**Work to complete:** In the material below, find the line containing "Notas de Corazón: rosa" and output it and all lines after it exactly, through the last one, without the pictures.

**Working data:**
____
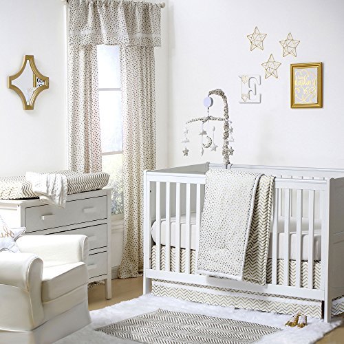 100% cotton sateen fabrics highlight this premium quality combination of gold confetti dot and zig zag; 3 piece set includes reversible quilt, white fitted sheet, and tailored chevron dust ruffle; individual components of this set are also available for purchase separately;Generously sized at 44 by 37 inches, the 100% cotton quilt will find a host of uses in and out of the nursery, inside and outside the home; perfect for tummy-time;Fitted crib sheet is designed to fit a standard sized crib with a mattress measuring 52 by 28 inches; all-around elastic will assure that the sheet fits safely and securely every time;Tailored crib dust ruffle from The Peanut Shell features a metallic gold and white chevron print to add some sparkle to the nursery;The Peanut Shell, through this mix and match collection, offers a host of coordinating items for your nursery, including: window treatments, crib rail guards, blankets, alternate sheets, and changing pad covers
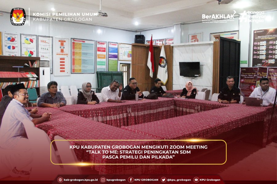 Hai #TemanPemilih, KPU Kabupaten Grobogan mengikuti Zoom Meeting “Talk To Me: Strategi Peningkatan SDM Pasca Pemilu dan Pilkada” yang diselenggarakan oleh KPU Provinsi Jawa Tengah, Rabu (26/11/2025). Kegiatan yang telah memasuki seri keempat ini diikuti oleh KPU Kabupaten/Kota se-Jawa Tengah serta perwakilan dari beberapa KPU Provinsi.
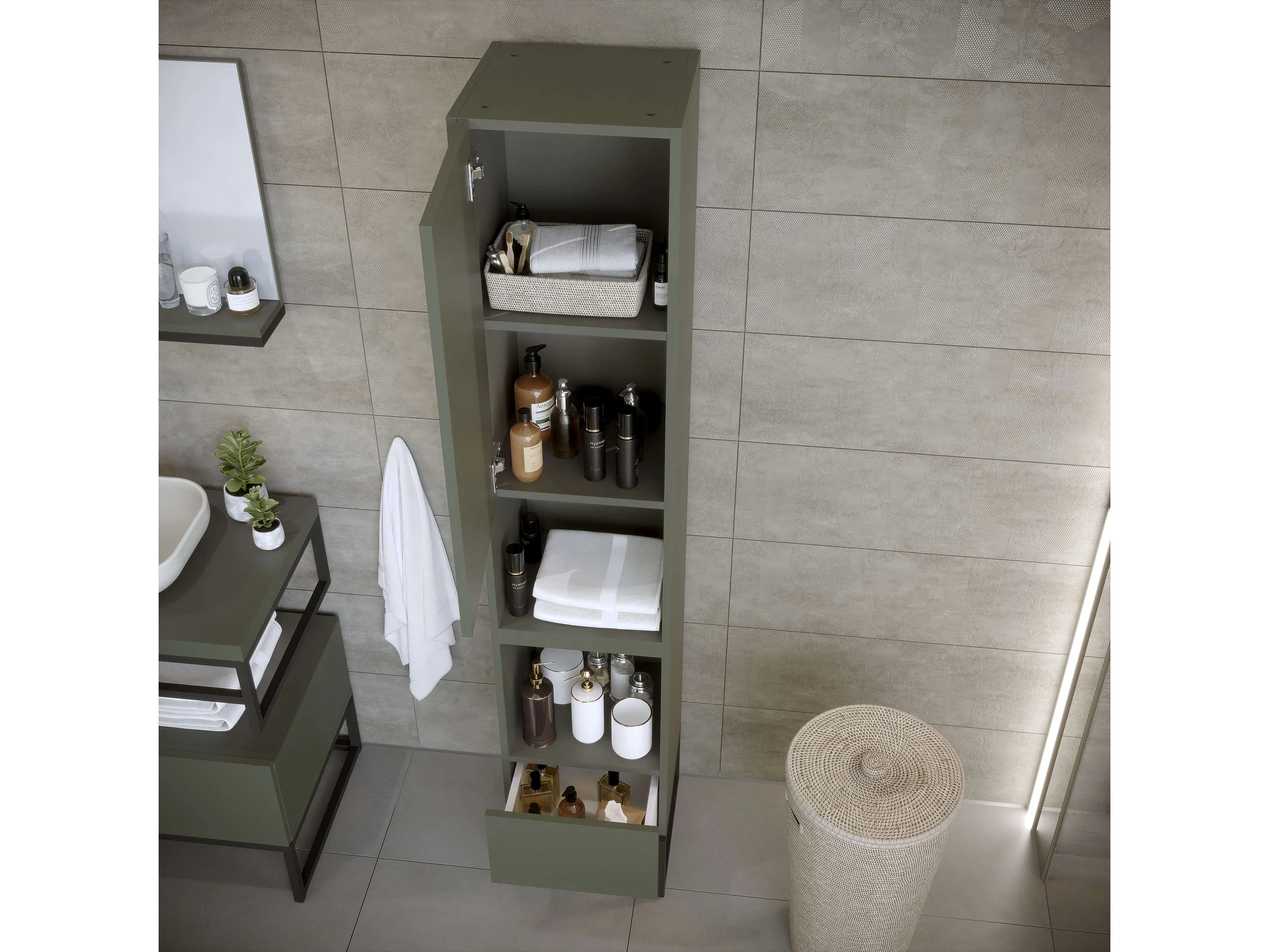 Colonne de salle de bain SPA 1 porte 1 tiroir 180x35x35 cm vert T-BATH
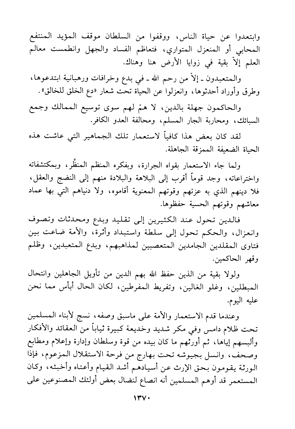 ولما جاء الاستعمار بقواه الجرارة، وبفكره المنظم المنطر، وبمكتشفاته واختراعاته، وجد قومًا أقرب إلى البلاهة والبلادة منهم إلى النضج والعقل، فلا دينهم الذي به عزتهم وقوتهم المعنوية أقاموه، ولا دنياهم التي بها عماد معاشهم وقوتهم الحسية حفظوها.
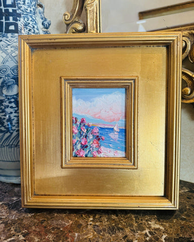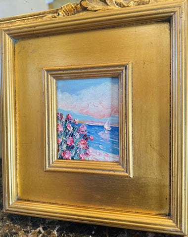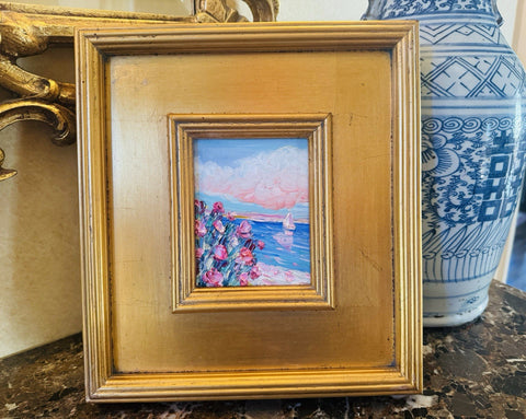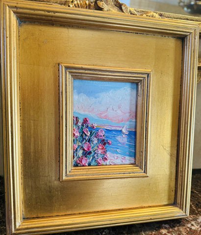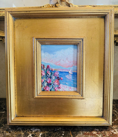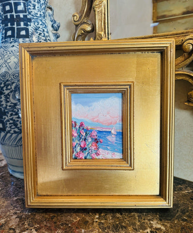 KADLIC Original Oil Painting Seascape Wildflowers Impasto Gold Gilt 12” Frame
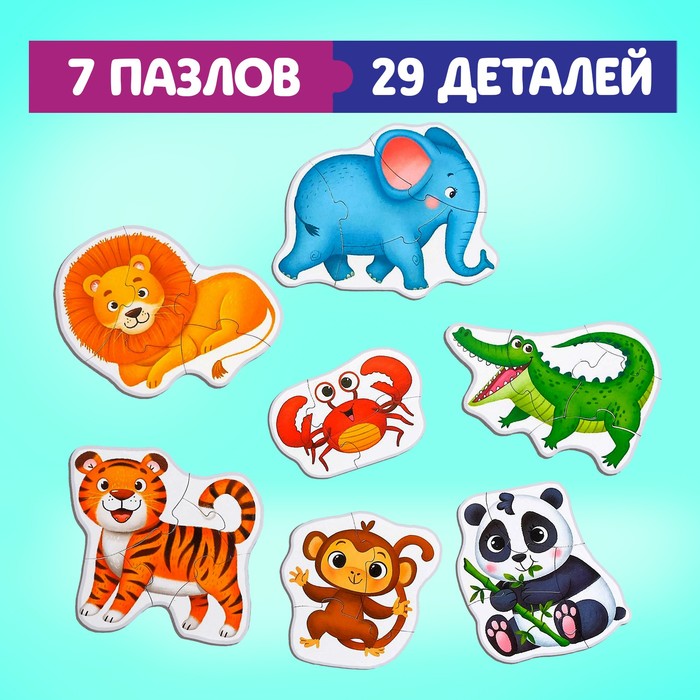 Макси-пазлы «Такие разные зверята» — это 29 деталей, из которых ребёнок соберёт 7 разных пазлов. В процессе малыш познакомится с забавными зверятами и узнает, где они живут. Собирая эти пазлы, ребёнок получит знания об окружающем мире и научится складывать целое изображение из двух частей.
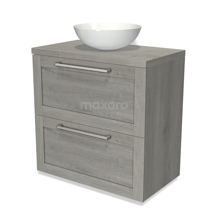 Modulo Plato Badmöbel mit Aufsatzwaschbecken | 80 cm Graue Eiche Rahmen front Graue Eiche blatt 2 hohe Schubladen übereinanderliegend
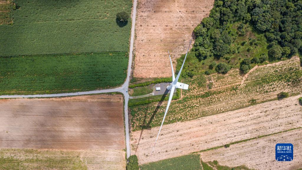 這是10月5日在泰國猜也蓬府拍攝的由中國金風科技提供的風力發電機(無人機照片)。
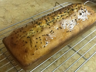 ثم نصب الخليط في قالب الكيك المدهون بالزبدة و المرشوش بالدقيق
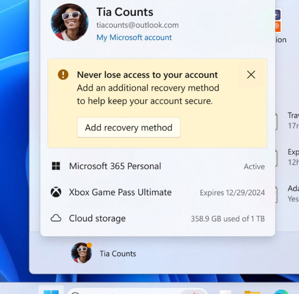 Задачей нового менеджера, как и прежде, является переключение с одной учетной записи пользователя в другую. Кроме того, в диалоговом окне переключения станут также отображаться сведения о подписке Microsoft 365, срок действия подписки Xbox Game Pass и объем свободного пространства в облачном хранилище OneDrive.
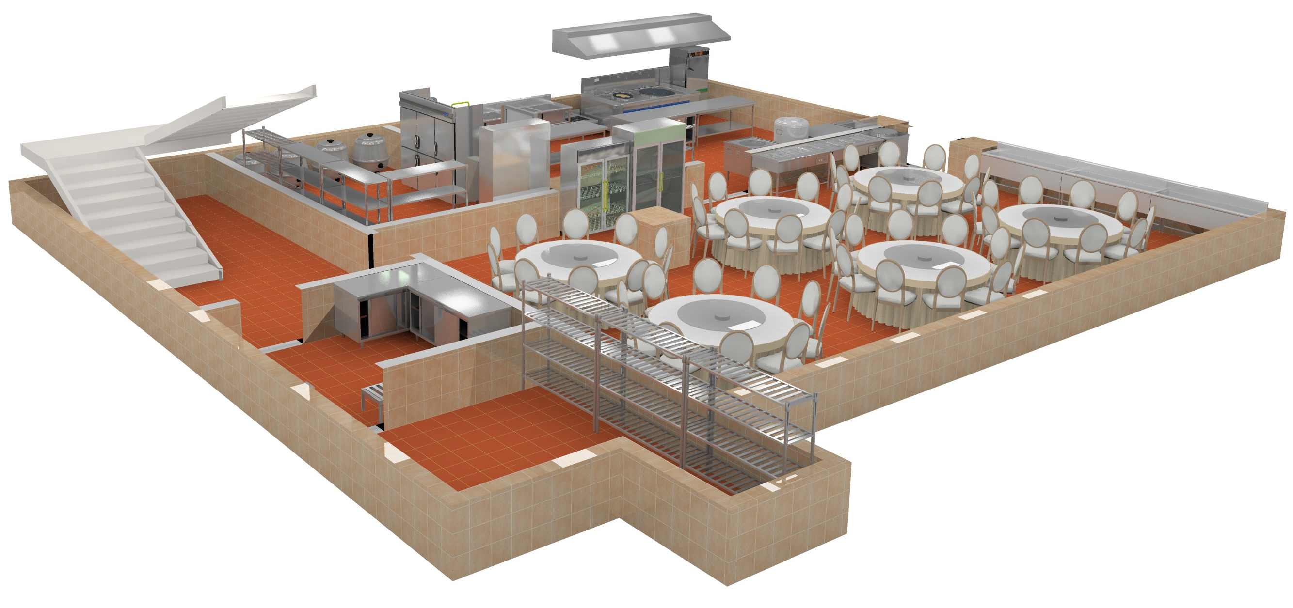 大型單位食堂廚房設計方案,充分考慮了食堂用餐情況以及特殊的環(huán)境,在滿足廚房功能的同時,也考慮了廚房的安全性,節(jié)能性,環(huán)保性等。
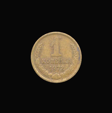 O Hammer and sickle overlain on globe above sun with rays, all within wreath or sheaf of wheat stalks, star above CCCP R Denomination and date within wreath 1 KOПEЙKA date List of Coin-Issuing Countries | Dictionary of the Coin Denominations of the World | TreasureRealm Home PageBrass 1 Kopek Coin of Russia, Soviet Union
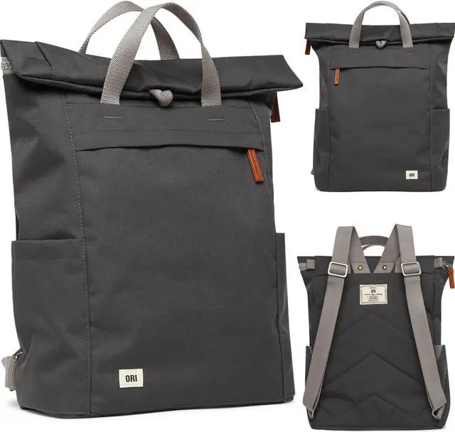 ORI LONDON Rolltop Backpack - Large Travel Backpack with Lots of Pockets for Men & Women - The Finchley, Carbon
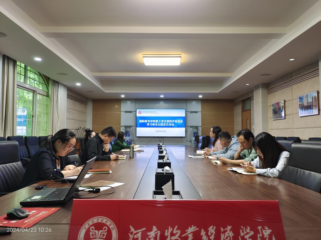 4月23日,beat365官方网站教工党支部以“深入学习中国共产党纪律处分条例”为主题,在英才校区教学办公楼113党员活动室召开4月份主题党日活动,会议由教工党支部书记李江红主持。
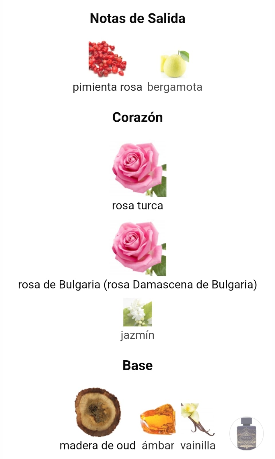 Notas de Corazón: rosa turca, rosa de Bulgaria (rosa Damascena de Bulgaria) y jazmín
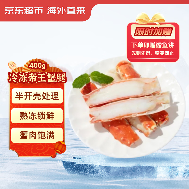 京东超市海外直采冷冻帝王蟹腿400g切片半开壳 送礼螃蟹蟹肉 自营海鲜
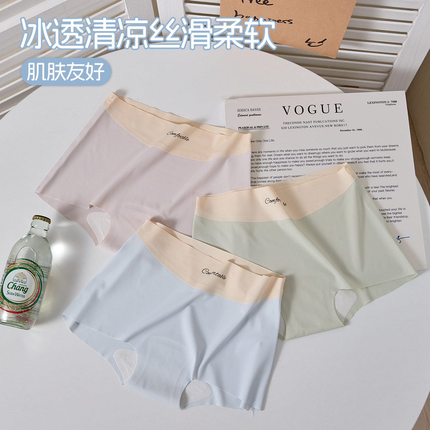 冰丝透气不闷短裤 女 女10A抗菌纯棉裆裸感薄款 六只兔子小平角内裤由
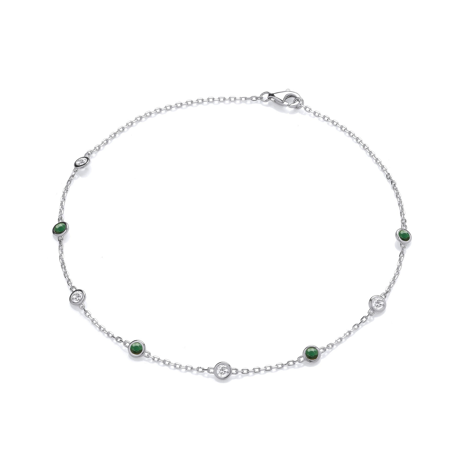 Silver Rubover Green & Clear Cz's Ladies Anklet
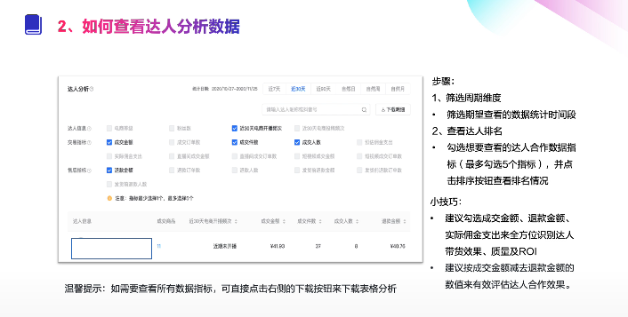 从达人的成交金额、退款金额、所带货商品的佣金率等来分析该达人的带货效果。
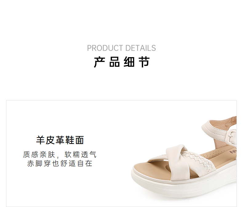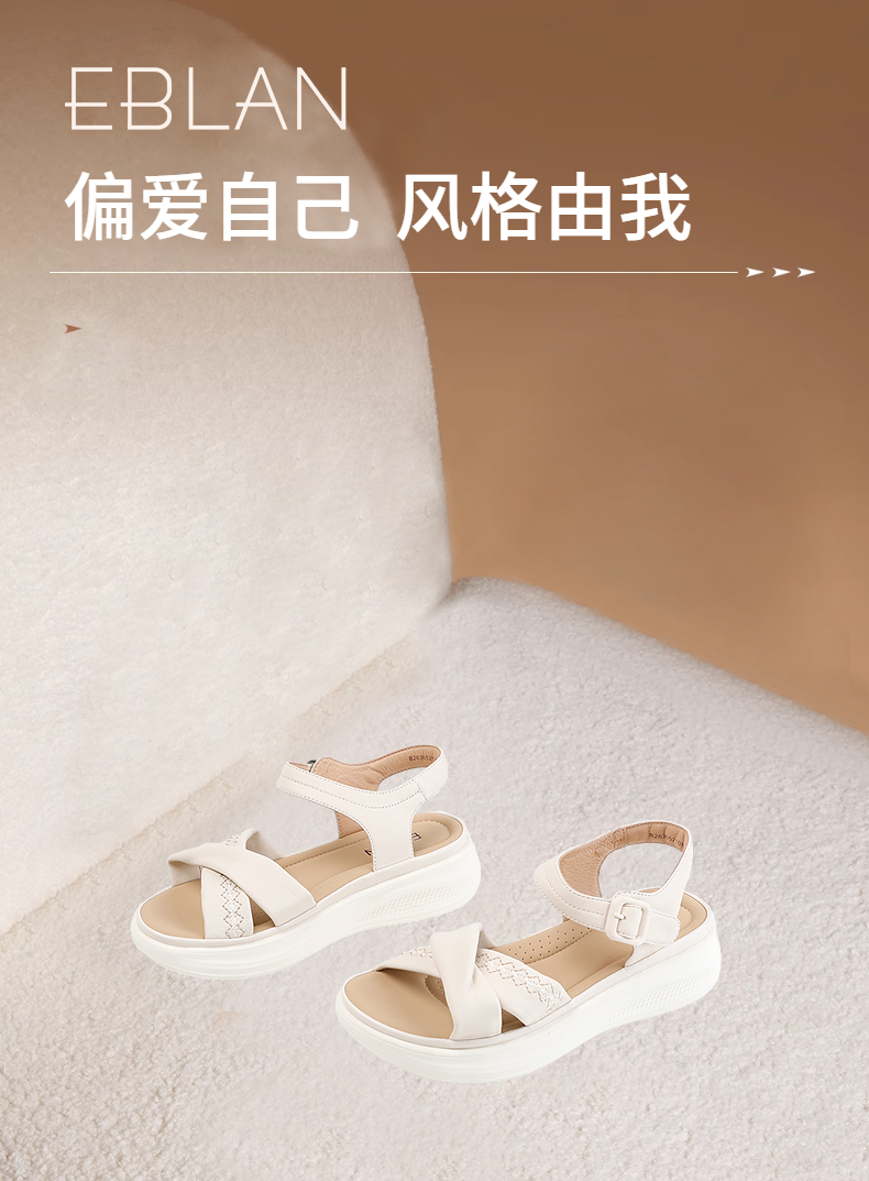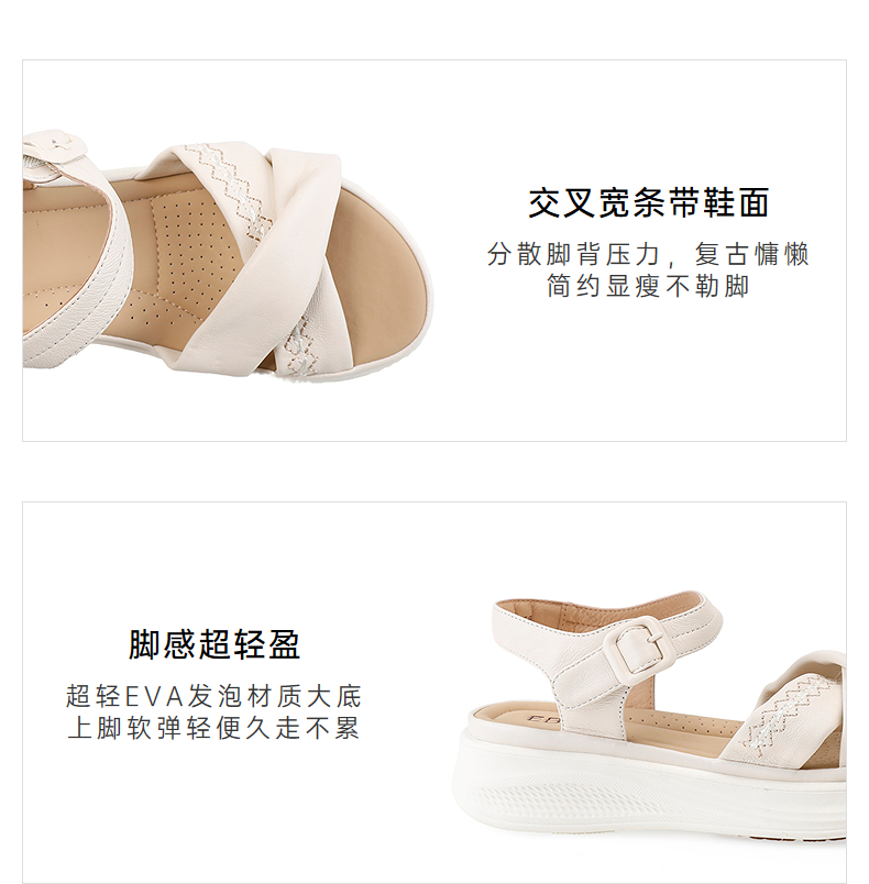伊伴2026夏季超轻软舒适透气真羊皮鞋面百搭凉鞋B26365210
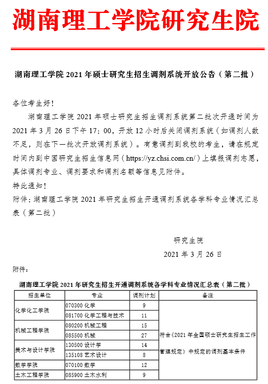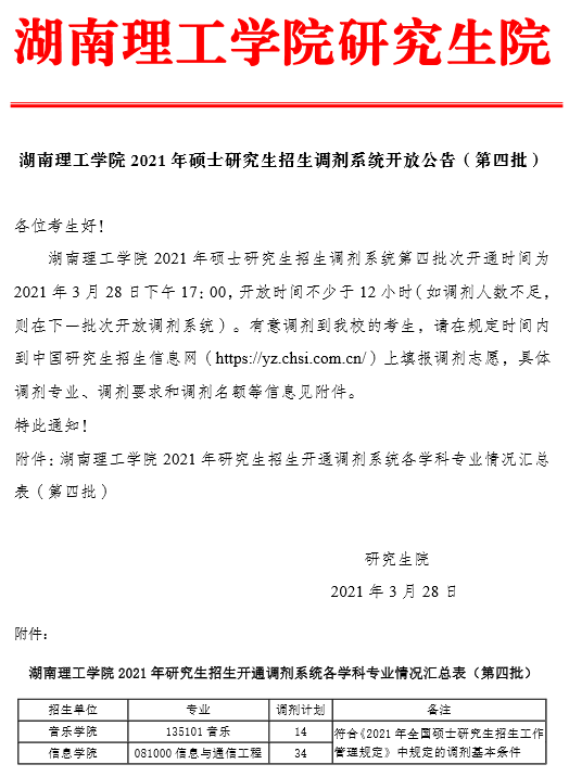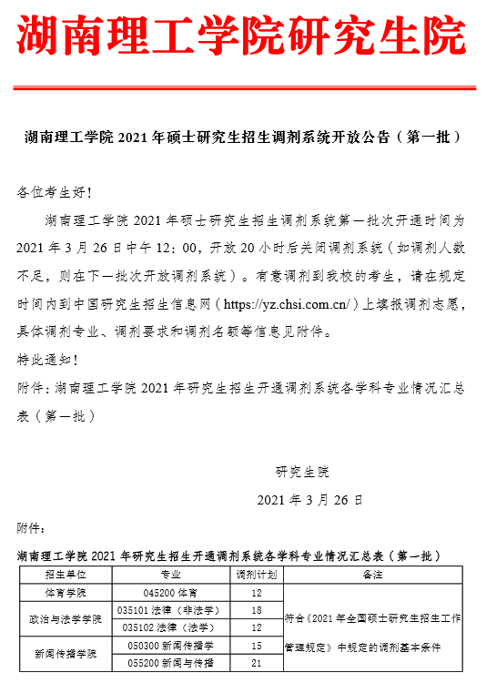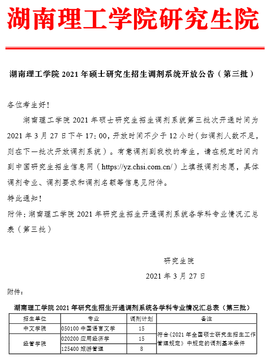 以上就是小編整理“2021考研調劑:湖南理工學院2021年碩士研究生招生調劑系統開放公告匯總”的全部內容,想了解更多調劑信息,請持續關注本網站。
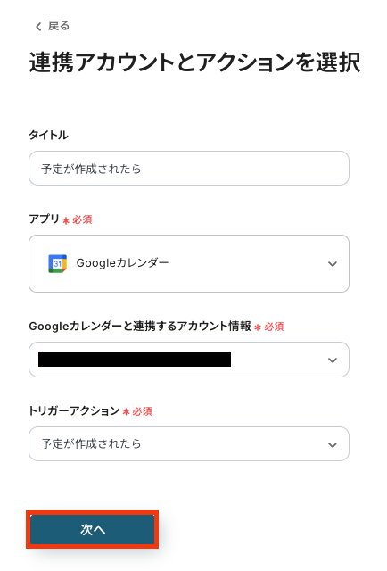 予定の作成をきっかけにトリガーを起動させるGoogleカレンダーを指定します。
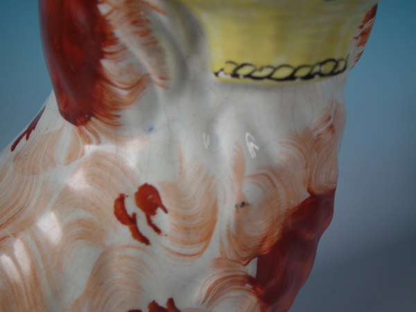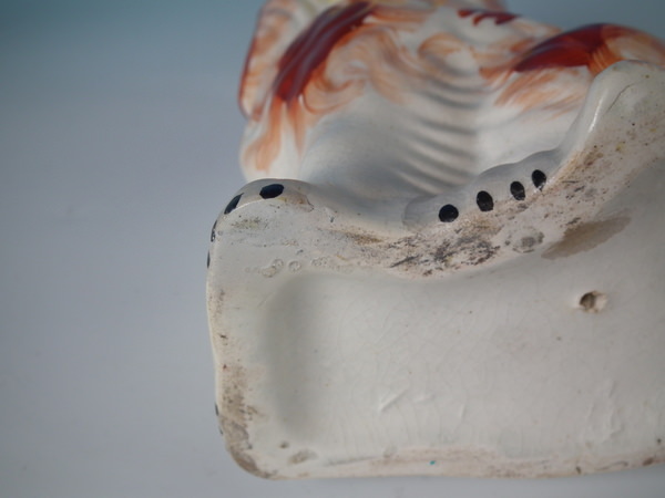 Filled chip to front left paw.
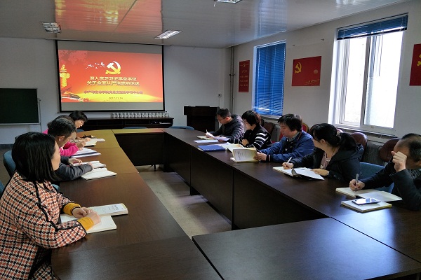 11月14日,tyc122cc太阳成集团党总支理论学习中心组在学院会议室开展“深入学习习近平总书记关于全面从严治党的重要论述”专题学习研讨,学院党总支理论学习中心组全体成员、各支部书记参加学习,党总支书记邱金英主持学习。
____
**Your response:**
 Notas de Corazón: rosa turca, rosa de Bulgaria (rosa Damascena de Bulgaria) y jazmín
 京东超市海外直采冷冻帝王蟹腿400g切片半开壳 送礼螃蟹蟹肉 自营海鲜
 冰丝透气不闷短裤 女 女10A抗菌纯棉裆裸感薄款 六只兔子小平角内裤由
 Silver Rubover Green & Clear Cz's Ladies Anklet
 从达人的成交金额、退款金额、所带货商品的佣金率等来分析该达人的带货效果。
伊伴2026夏季超轻软舒适透气真羊皮鞋面百搭凉鞋B26365210
 以上就是小編整理“2021考研調劑:湖南理工學院2021年碩士研究生招生調劑系統開放公告匯總”的全部內容,想了解更多調劑信息,請持續關注本網站。
 予定の作成をきっかけにトリガーを起動させるGoogleカレンダーを指定します。
 Filled chip to front left paw.
 11月14日,tyc122cc太阳成集团党总支理论学习中心组在学院会议室开展“深入学习习近平总书记关于全面从严治党的重要论述”专题学习研讨,学院党总支理论学习中心组全体成员、各支部书记参加学习,党总支书记邱金英主持学习。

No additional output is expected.